Oh. That wasn't a metaphor. This is a metaphor, "All the world's a stage..." or "that guy is as dumb as a suitcase full of rocks." See the difference?
And as a last thought, IN MY HUMBLE FRIGGIN' OPINION, a 20 year old kid that is still livin' with mommy and daddy, ain't got no business planning a marriage to a 20 year old, divorced mother of one, who is still living at home with mommy and daddy. JMHO.
Last edited by lcampbell; Aug 22, 2006 at 03:54 PM.
While I echo what people have said in terms of "running"... there are 3 billion beautiful ladies in this world, you don't need to settle down today. You aren't young forever - make the most of youth while you have it!!!
Having said that - the lady you are seeing is probably going through a pretty tough time in her life... so I would prehaps rephrase it from "running" to "eliquently parting ways", after your chat with her father you don't want him chasing you as if he needs your guts for garter - and neither do you need to cause any more emotional distress than what already has happened.
However take this from me, you don't need this, and if you haven't worked that out from reading all the posts here, I am going to guess that there is a 98% chance that you will work it out after the ordeal is over
Originally Posted by ag-ford-4x4
This is like where you have been going out a while, or married and then one day you are standing in the women's department by the dressing room holding a dress, and a purse. Then all of a sudden you that feeling and think "HOLY $#%@, WTH JUST HAPPENED?!"

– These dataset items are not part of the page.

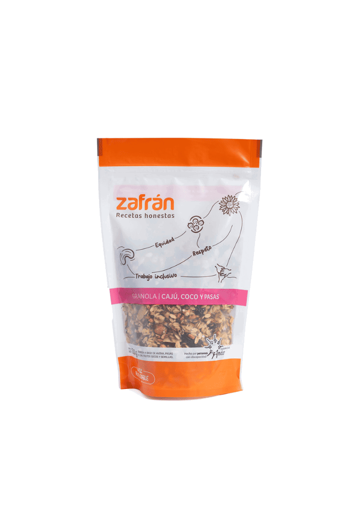 Ingredientes: Avena arrollada, arroz yamaní inflado, pasas de uva, azúcar mascabo, castañas de cajú, maní, semillas de lino, semillas de chía y coco en escamas.
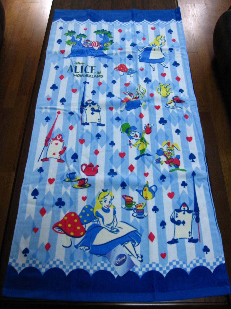 - 不思議の国のアリス バスタオル 新品 ディズニー 帽子屋 猫 絵柄 模様 ライン 格安 秋 男女 兼用 子供 綿 可愛い お洒落 祝 未使用 Disney
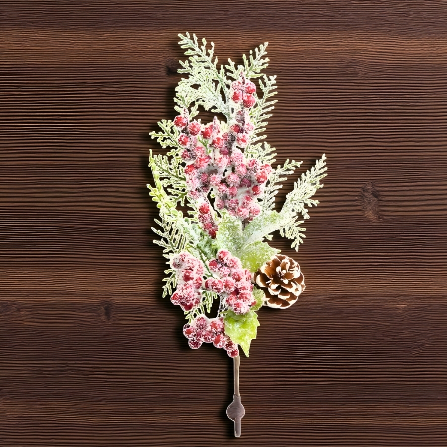 Dê um toque elegante e festivo à sua decoração natalina com o Galho Decorativo de Natal Médio – Folhas e Frutas com Neve. Combinando o charme das folhas verdes e frutas coloridas com o efeito de neve artificial, esse galho cria uma atmosfera acolhedora e sofisticada, perfeita para arranjos, guirlandas ou complementos em árvores de Natal.
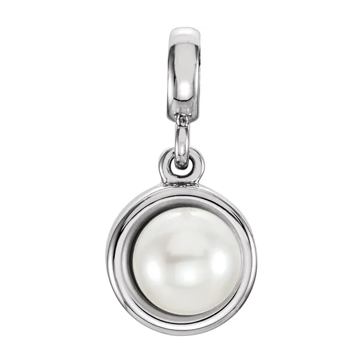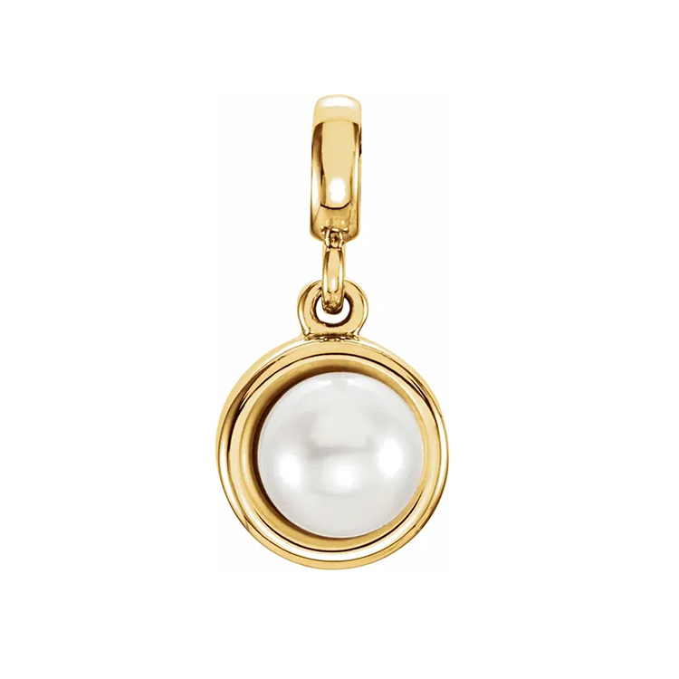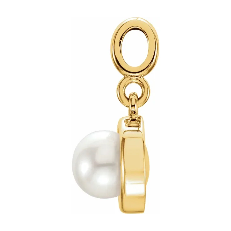 Pearl Pendant, Freshwater Cultured. Available in 14k White Gold and Yellow Gold. Freshwater Cultured Pearl Size Range 5.5-6.0 mm.
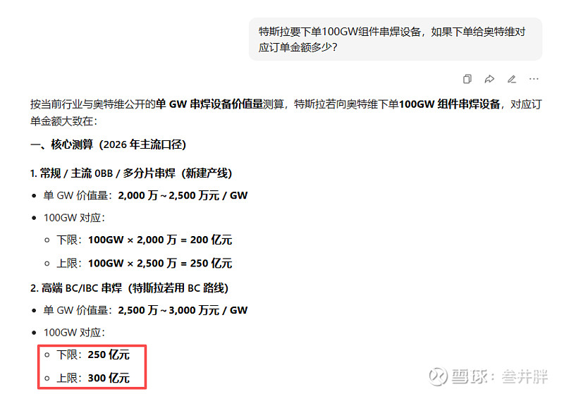 $奥特维(SH688516)$ 重新洗牌,现在整个t/S链的主力手上的货都出了,就剩量化和散户多杀多,机构本来埋伏春节期间订单的结果一直没收到订单。接下来下一波就是看哪个公司率先公布订单拉升,其他T/S链的也会跟着一起冲的。自己搜100gw对应多少金额的订单。如果拿50%份额也有100亿
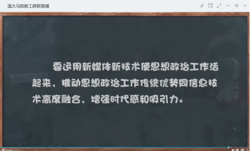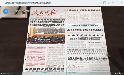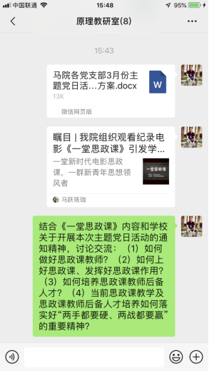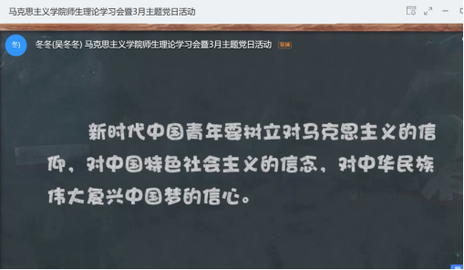 集中观看结束后,由原理党支部书记骆徽负责,原理教研室集中进行一次线上组织生活会,开展讨论交流活动。结合《一堂思政课》内容和公司关于开展本次主题党日活动的通知精神,讨论交流:(1)如何做好思政课教师?(2)如何上好思政课、发挥好思政课作用?(3)如何培养思政课教师后备人才?(4)当前思政课教学及思政课教师后备人才培养如何落实好“两手都要硬、两战都要赢”的重要精神?

Except YOU already have a purse...
Thats why I provide the cash... if they find thier own shopping buddy's
Its not as if my fashion advice is useful for public attire anyways
Being a 20yo single mother, some times I would think I needed a father figure for my son, how was I to do it alone. Would meet a guy, for the first month or so would think, this is the guy. LOL
date a few months more, Nope. then swear off relationships. (sons father and I had date for 4 years prior to me getting PG)
I thought I needed a father for my child. I wanted a companion too, I wasn't just father hunting, but the companion part was second on my mind.
But, after realizing that the only person my son really needs is ME. I stopped dating for a long time. 3 yrs. I dated my now hubby for 7 years before I married him. Being from a Catholic family I am sure his friends/family first thoughts or words to him were RUN also. But I was very much independent and supported myself by that time my son was almost 6.
Now the other side: My son, met a pregnant girl, new her for a week and moved out right after his 18th Bday. Against my wishes of course. Things were good for the first year, but now he calls me at 11pm, he has her son and she is out somewhere with her friends, new male friend, casino's. He has grown so attached to her son that when I say you can do better, or you don't deserve to be treated like a babysitter, his first comments are well what about James(her son almost 2yo ).
Financially she needs him, he makes 15.00 an hour plus night dif pay.
She works fast food part-time.
When my son and her come over, quite often I see/hear, "here take him a minute I gotta go get........." and he ends up holding him while he is trying to do whatever he was doing. She comes back, but not to reach out and take the boy back.
Just GIVE IT TIME. Watch for warning signs that may start happening. It may not happen right away. Like are you being a glorified gopher for her to help with the baby, or if the baby needs something does she take the baby with her to get the bottle, baby wipes, talk on the phone? Nothing wrong with helping, just be careful not to get taken advantage of.
What women's hormones can do to them after birth, and they may not even know, or be aware of it. Some times it can take up to a year for those things to level out. Some women don't have it.
I have always tried to make it a point to my son about "watch out for those women", they can be funny creatures sometimes. I know cause I am one.
Just some other input for you to think about, If it works, great. My son loves his step father dearly.
Off to get our 7yo from early dismissal. Hope it works out for you better than in my eldest sons case.